The low-rate countries frame the decision as a ‘tick the box if you want to leave your organs for medical purposes’; the high-rate countries frame the decision as a ‘tick the box if you do not want to leave your organs for medical purposes’. For citizens, this is not the same decision.

The economic behavioural biases in consumer decision making in the market are quite well known by firms, and more specifically by the marketing executives of firms. In fact, credit card profitability is largely based on the consumer behavioural bias of time-variant preferences, specifically of hyperbolic discounting. Hyperbolic discounting refers to people not having a fixed discount rate to weigh present and future costs and benefits – the discount rate increases the shorter the time period outstanding. So, for example, it’s easy to open the savings account and intend to put in $100 a month to save for a ‘rainy day’ (low discount rate) but very hard to actually do that with the $100 in hand when a night out on the town looks like much more fun (high discount rate). That’s why people intend to pay off the credit card when purchasing on it, but when time comes to pay, our discount rate has changed and many people will fail to pay it off despite the high cost of this form of credit.

The main centres of behavioural economic research in the world are in the US and the most notable is Harvard University. Lawrence H Summers, former US Treasury Secretary and current Harvard President, describes himself as a behavioural economist. Much of the behavioural economic work has been carried out in financial markets — especially perceptions of risk and related decisions. The Boston Federal Reserve Bank is one of the top research institutions in the area — and we all know about ‘irrational exuberance’ a behavioural economic description of actual market behaviour.

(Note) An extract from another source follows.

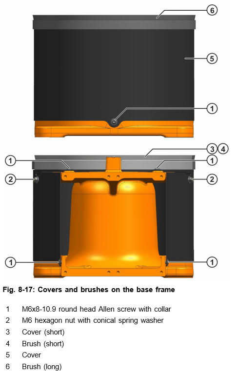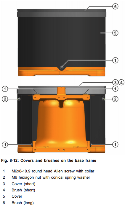 - Fasten the covers with 2 M6 hexagon nuts including conical spring washers and 5 M6x8-10.9 round head Allen screws with

Despite the credentials of both the institutions and people involved in BE, there has been a notable lack of interest in this discipline in Australia in both academia and in government policy-making circles. New Zealand, however, with the lowest savings rate in the OECD, has been taking an interest. The KiwiSaver scheme, due to be implemented in 2007, is based on behavioural economic research and is structured to use the power of defaults; the default in this case is that a savings plan is established for an employee and money is paid into that account by your employer unless you tick the box to opt out. The result of this initiative on the national savings rate will be fascinating to observe as no behavioural ‘experiment’ of this type at a national level has ever been conducted previously.

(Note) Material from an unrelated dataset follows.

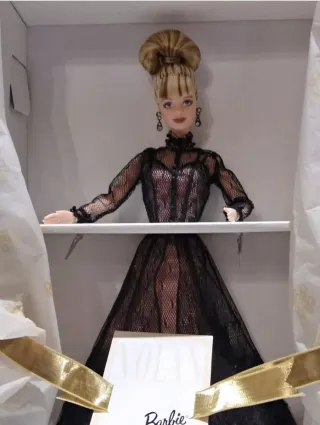 Barbie Nolan Miller, mai uscita dalla scatola (NRFB). - Abito lungo in pizzo nero. - Dettagli preziosi. - Scatola originale inclusa.

In Australia the Treasurer, with his May budget elimination of tax on superannuation benefits, may be banking on more than just ‘rationality’ in people’s responses. The notion of having your retirement income tax free is a very potent one. The Treasurer may be triggering one of the most powerful behavioural biases studied – loss aversion. People see ‘losses’ almost twice as powerfully as they do monetary gains. So, if they put more money into their super account, all those earnings over the time period will not be ‘lost’ to the taxman. That kind of incentive may even shift hyperbolic discounting behaviour that characterises non-compulsory pension schemes world wide — it is extremely hard in voluntary schemes to get people to save for their retirement even in cases when employers are matching dollar-for-dollar and the potential savers are numerate people who can do all the calculations and really understand the benefits. While economists by and large dislike the Treasurer’s initiative, history may show that he’s picked it right in terms of people’s behaviour. My bet, given what we know of behavioural economics, would be with the Treasurer on this.